REQUIRED WORK - After locating the line with "Lauren Ralph Lauren" below, output it and each following line exactly, stopping after the line with "Let your little". No pictures.

SUPPLIED INFORMATION -
....
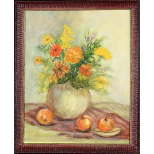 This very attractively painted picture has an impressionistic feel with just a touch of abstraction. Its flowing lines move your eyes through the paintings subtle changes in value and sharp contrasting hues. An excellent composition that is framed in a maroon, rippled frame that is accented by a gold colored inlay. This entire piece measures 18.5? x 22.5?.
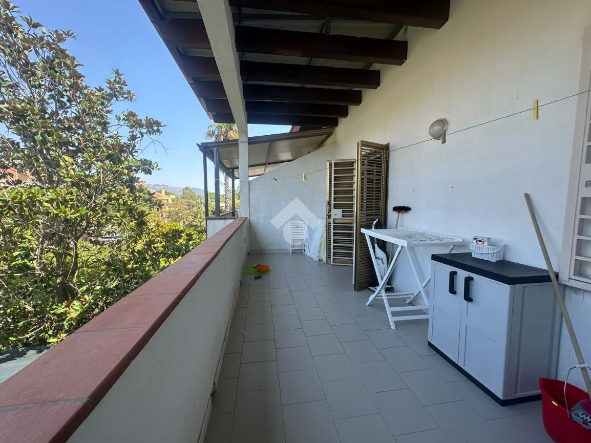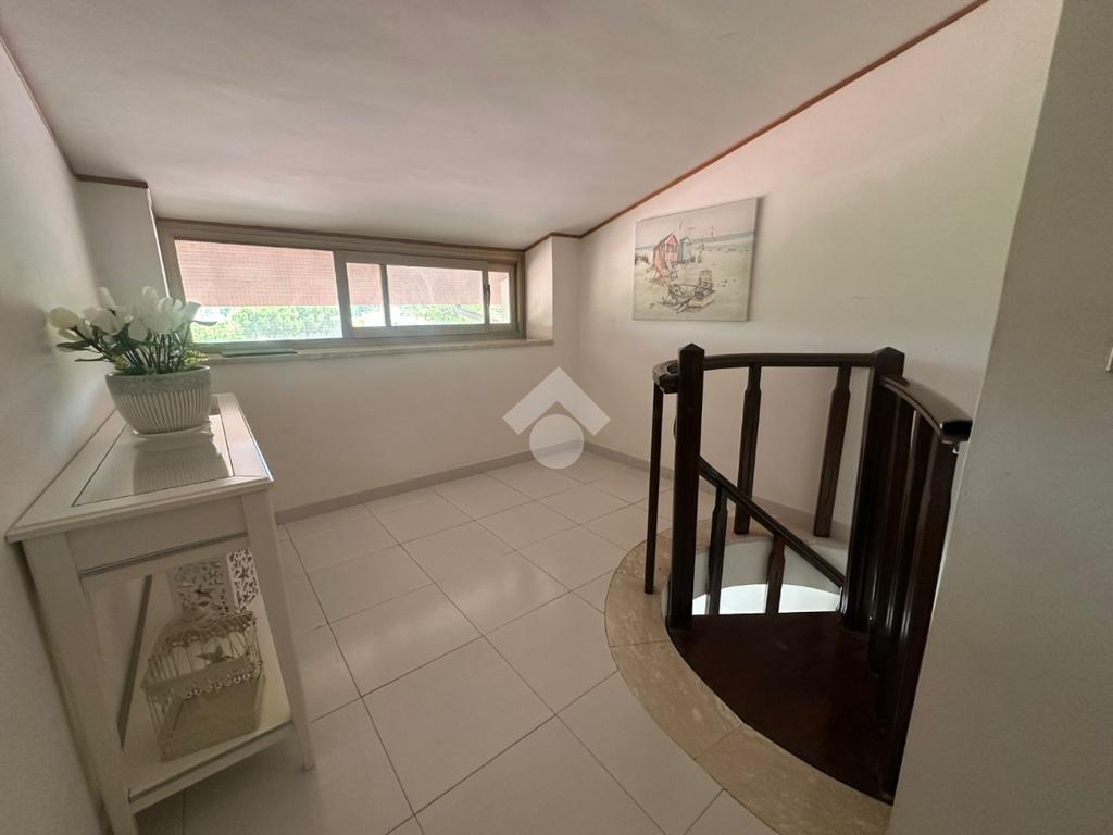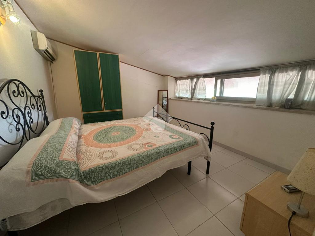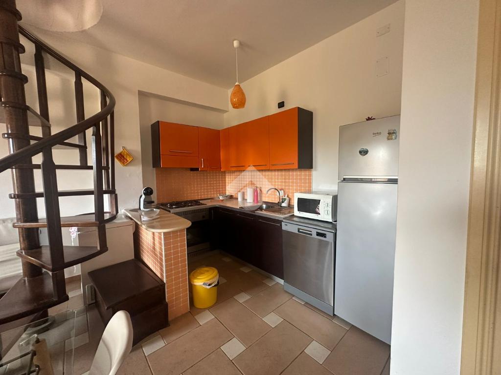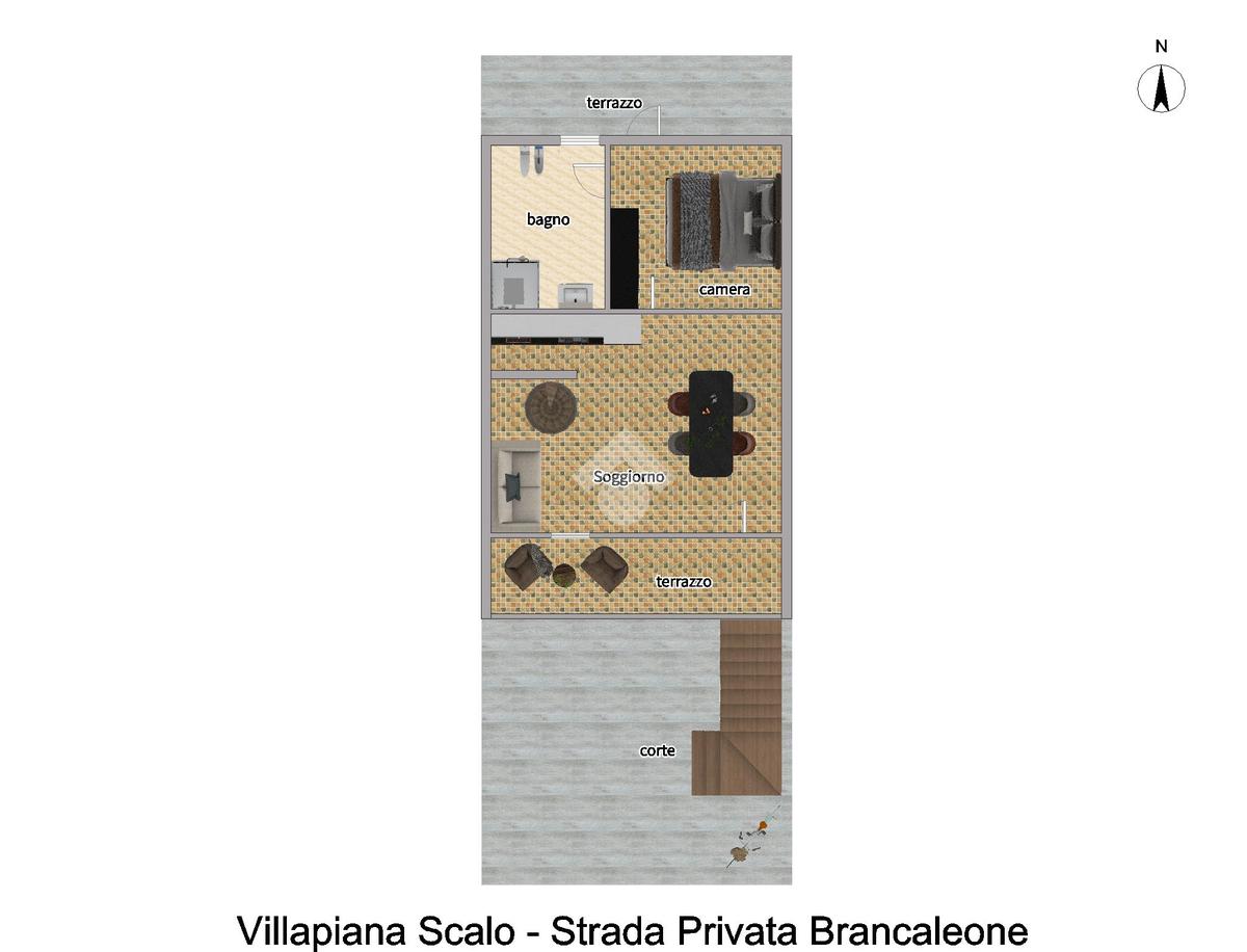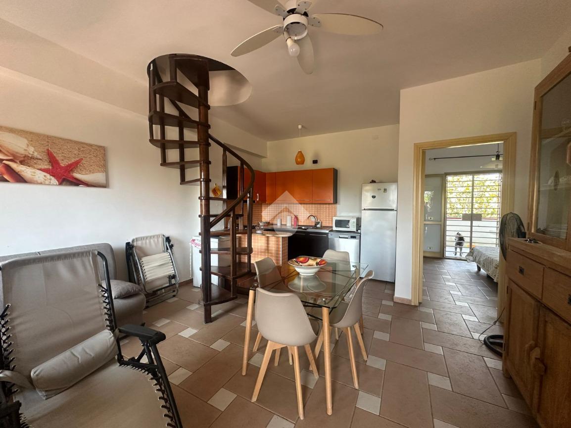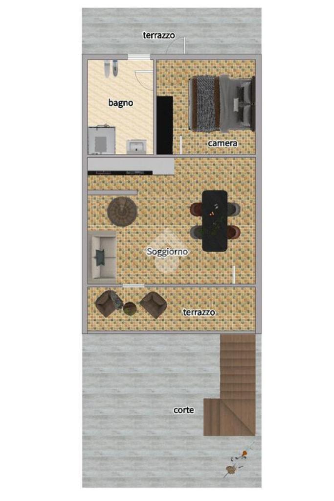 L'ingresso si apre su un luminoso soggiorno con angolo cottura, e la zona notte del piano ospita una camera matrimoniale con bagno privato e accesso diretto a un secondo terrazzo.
....
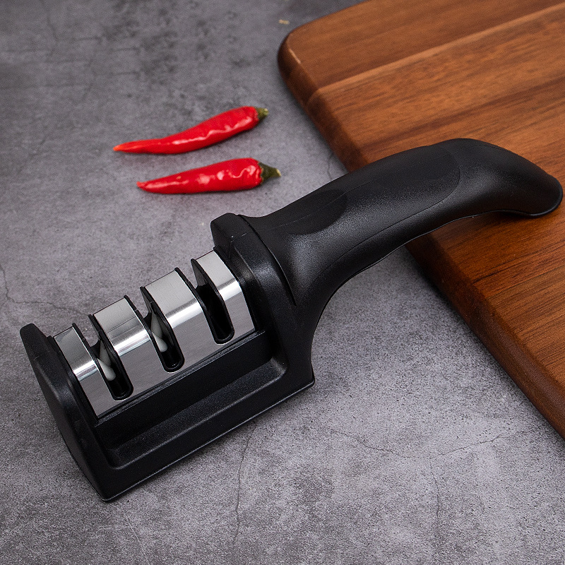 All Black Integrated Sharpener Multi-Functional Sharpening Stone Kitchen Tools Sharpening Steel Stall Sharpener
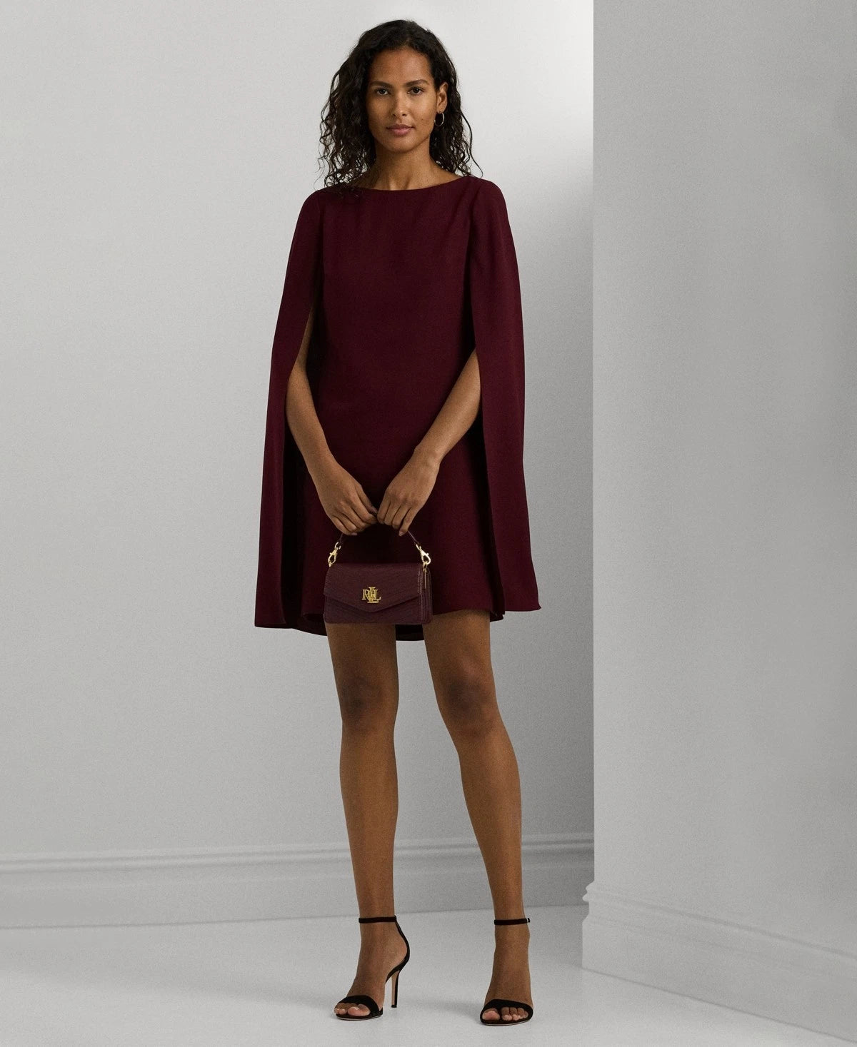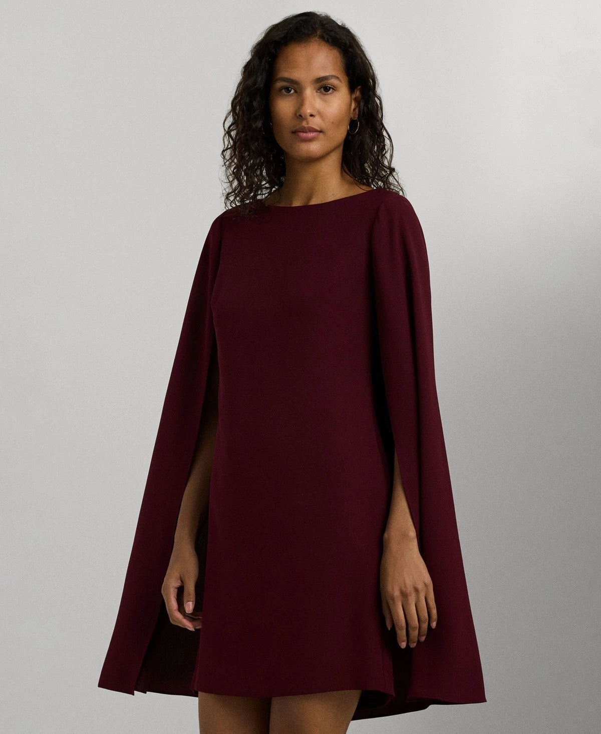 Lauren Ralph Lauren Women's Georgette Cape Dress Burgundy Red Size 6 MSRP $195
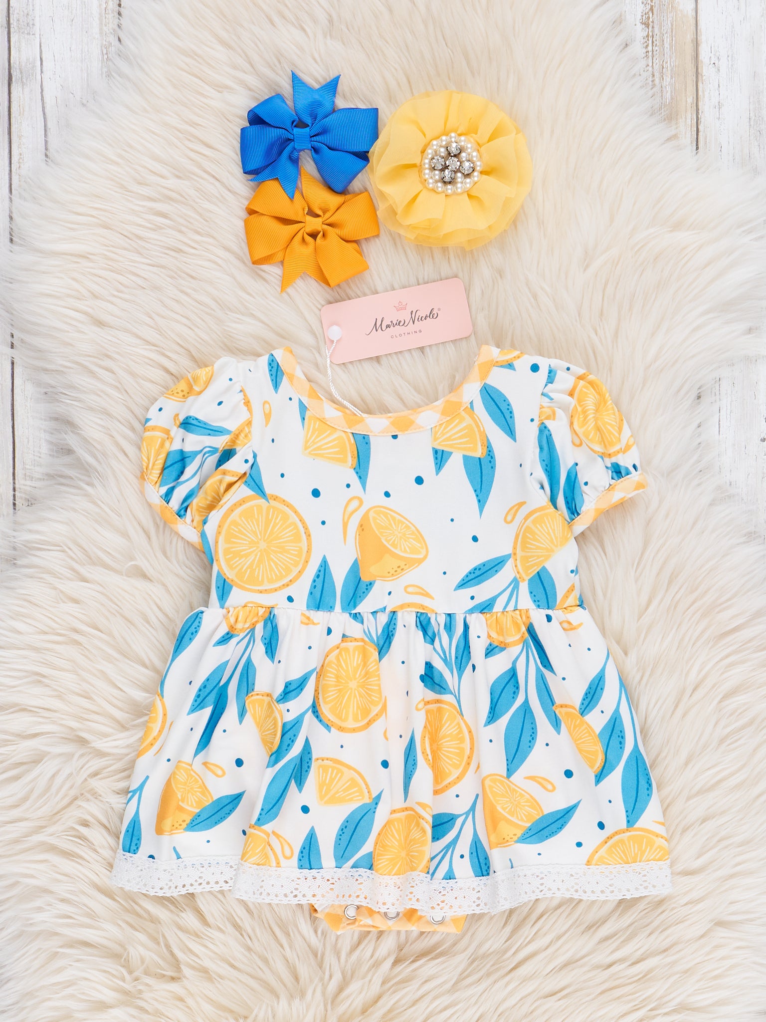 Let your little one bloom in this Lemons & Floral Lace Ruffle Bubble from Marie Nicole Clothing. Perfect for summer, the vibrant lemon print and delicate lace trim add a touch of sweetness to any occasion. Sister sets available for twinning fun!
....
REPLY -
 Lauren Ralph Lauren Women's Georgette Cape Dress Burgundy Red Size 6 MSRP $195
 Let your little one bloom in this Lemons & Floral Lace Ruffle Bubble from Marie Nicole Clothing. Perfect for summer, the vibrant lemon print and delicate lace trim add a touch of sweetness to any occasion. Sister sets available for twinning fun!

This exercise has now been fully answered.